Provided by Martha Stewart
Categories Food & Cooking Salad Recipes
Time 45m
Number Of Ingredients 8
Steps:
- In a large bowl, pour 1 cup boiling water over the bulgur. Cover with plastic wrap; let stand until water is absorbed, about 30 minutes.
- Add cucumber, onion, parsley, garlic, lemon juice, oil, 1/2 teaspoon salt, and 1/4 teaspoon pepper; toss to combine. Serve warm, cold, or at room temperature. (To chill, cool, then refrigerate in an airtight container for up to 1 day.)
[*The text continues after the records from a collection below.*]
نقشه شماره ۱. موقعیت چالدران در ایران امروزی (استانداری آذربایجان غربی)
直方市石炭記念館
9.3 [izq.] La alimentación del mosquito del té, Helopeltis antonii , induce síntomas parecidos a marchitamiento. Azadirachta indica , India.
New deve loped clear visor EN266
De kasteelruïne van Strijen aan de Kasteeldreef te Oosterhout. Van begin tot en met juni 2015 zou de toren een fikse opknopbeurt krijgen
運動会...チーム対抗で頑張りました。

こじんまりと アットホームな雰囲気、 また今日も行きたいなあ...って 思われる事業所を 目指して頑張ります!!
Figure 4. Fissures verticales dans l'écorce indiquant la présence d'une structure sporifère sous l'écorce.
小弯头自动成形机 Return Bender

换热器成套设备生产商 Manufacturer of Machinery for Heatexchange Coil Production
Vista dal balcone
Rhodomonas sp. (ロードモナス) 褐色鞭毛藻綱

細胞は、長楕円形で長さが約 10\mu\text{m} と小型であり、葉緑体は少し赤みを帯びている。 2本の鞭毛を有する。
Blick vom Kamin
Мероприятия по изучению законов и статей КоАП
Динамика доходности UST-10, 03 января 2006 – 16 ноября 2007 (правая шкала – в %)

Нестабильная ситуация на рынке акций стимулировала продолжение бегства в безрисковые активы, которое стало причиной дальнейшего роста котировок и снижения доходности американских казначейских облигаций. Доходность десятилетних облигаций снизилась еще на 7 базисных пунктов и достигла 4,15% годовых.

Nutrition Facts : Calories 180 g, Fat 4 g, Fiber 8 g, Protein 6 g
FETA GARBANZO BEAN SALAD
This super quick garbanzo bean salad is a hit with my crowd. If there are any leftovers, which rarely happens, I pile them into pitas for lunches the next day! You can also add grilled chicken or steak to turn it into a hearty main-dish salad.-Judy Doepel, Ballston Lake, New York
Provided by Taste of Home
Categories Lunch
Time 15m
Yield 4 servings.
Number Of Ingredients 12
Steps:
- Place the first 11 ingredients in a large bowl; toss to combine. Sprinkle with cheese.
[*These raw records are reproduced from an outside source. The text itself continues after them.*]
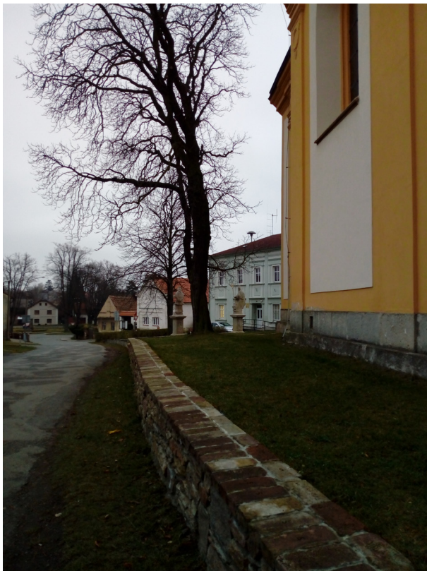
Malešov - náměstí s kostelem sv. Václava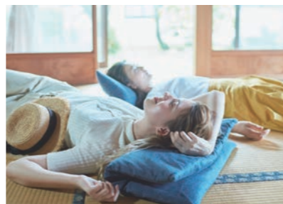
畳で休憩 在榻榻米上休憩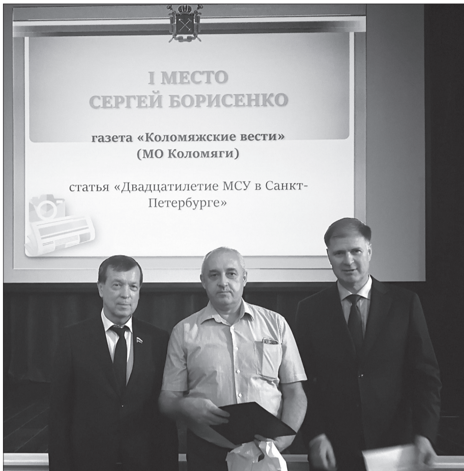
6 сентября 2018 года в Доме журналиста Санкт-Петербурга состоялась торжественная церемония награждения победителей XVII Конкурса муниципальных и районных СМИ, организованного Советом муниципальных образований города и Союзом журналистов Санкт-Петербурга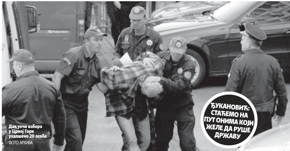
Дац уочи избора у Црној Гори уапшено 20 особа

ЋУКАНОВИЋ: СТАЋЕМО НА ПУТ ОНИМА КОЈИ ЖЕЛЕ ДА РУШЕ ДРЖАВУ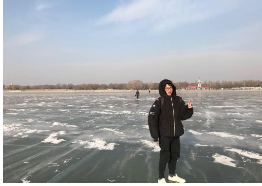
結冰的松花江（哈爾濱）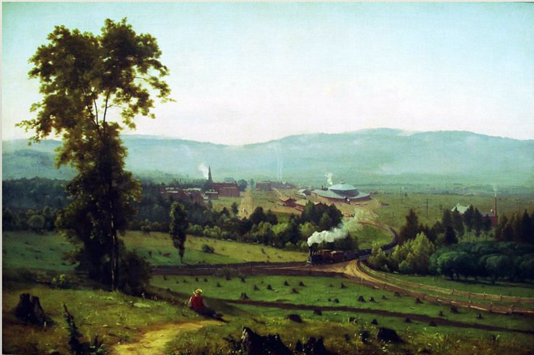
Дж.Иннесс. Долина Лакаванна. 1855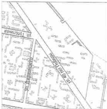
Местоположение земельного участка

Nutrition Facts : Calories 268 calories, Fat 16g fat (3g saturated fat), Cholesterol 8mg cholesterol, Sodium 586mg sodium, Carbohydrate 24g carbohydrate (4g sugars, Fiber 7g fiber), Protein 9g protein. Diabetic Exchanges
BULGUR SALAD WITH CHICKPEAS AND FETA
Simple, satisfying meal. Serve with Pita bread for an easy weeknight meal or as a side to grilled chicken.
Provided by KelBel
Categories Grains
Time 30m
Yield 4 serving(s)
Number Of Ingredients 13
Steps:
- Bring 2 cups water to boil in medium saucepan.
- Remove from heat; add bulgur and salt and stir to blend.
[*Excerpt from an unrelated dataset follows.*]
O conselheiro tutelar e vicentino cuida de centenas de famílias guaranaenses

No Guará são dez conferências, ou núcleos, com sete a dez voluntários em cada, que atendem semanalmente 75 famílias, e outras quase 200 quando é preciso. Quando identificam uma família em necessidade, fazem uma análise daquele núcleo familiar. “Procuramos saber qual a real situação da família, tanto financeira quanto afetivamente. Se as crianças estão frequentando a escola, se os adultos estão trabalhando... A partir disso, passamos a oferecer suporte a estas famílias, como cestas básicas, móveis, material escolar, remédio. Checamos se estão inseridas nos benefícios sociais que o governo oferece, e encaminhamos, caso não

- Cover and let stand until bulgur is just tender, about 20 minutes.
- Drain well, pressing to extract excess water.
- Transfer bulgur to large bowl; cool.
- Mix in remaining ingredients.
- Season with salt and pepper and serve.
MIDDLE EASTERN BULGUR SALAD
Stuff tomatoes with a global vegetarian salad mix of bulgur, garbanzos, cucumber and feta.
Provided by Betty Crocker Kitchens
Categories Side Dish
Time 45m
Yield 4
Number Of Ingredients 11
Steps:
- In small bowl, pour water over bulgur. Let stand 30 minutes.
- Meanwhile, in large bowl, mix remaining ingredients except tomatoes. Core tomatoes. Make 4 cuts in each tomato from top to bottom without cutting all the way through bottom of tomato. Place tomatoes on individual plates.
- Stir bulgur into bean mixture; spoon into tomatoes.
Nutrition Facts : Calories 390, Carbohydrate 54 g, Cholesterol 15 mg, Fat 2, Fiber 13 g, Protein 15 g, SaturatedFat 3 1/2 g, ServingSize 1 Serving, Sodium 480 mg, Sugar 6 g, TransFat 0 g
Tips:
- Use the right ingredients: High-quality bulgur, fresh vegetables, and flavorful herbs and spices are essential for a delicious salad.
- Cook the bulgur properly: To achieve the perfect texture, cook the bulgur according to the package instructions and make sure to fluff it with a fork before using.
- Don't overcook the vegetables: Blanching or roasting the vegetables briefly will help them retain their vibrant color and crisp texture.
- Add the dressing at the end: This will prevent the salad from becoming soggy.
- Chill the salad before serving: This will allow the flavors to meld and develop.
Conclusion:
This bulgur salad is a delicious and nutritious dish that is perfect for a light lunch or dinner. With its combination of whole grains, protein-packed garbanzo beans, and fresh vegetables, it is a well-balanced meal that will leave you feeling satisfied and energized. The bright and tangy dressing adds a pop of flavor that will tantalize your taste buds. Whether you are a vegetarian or simply looking for a healthier option, this salad is sure to become a favorite.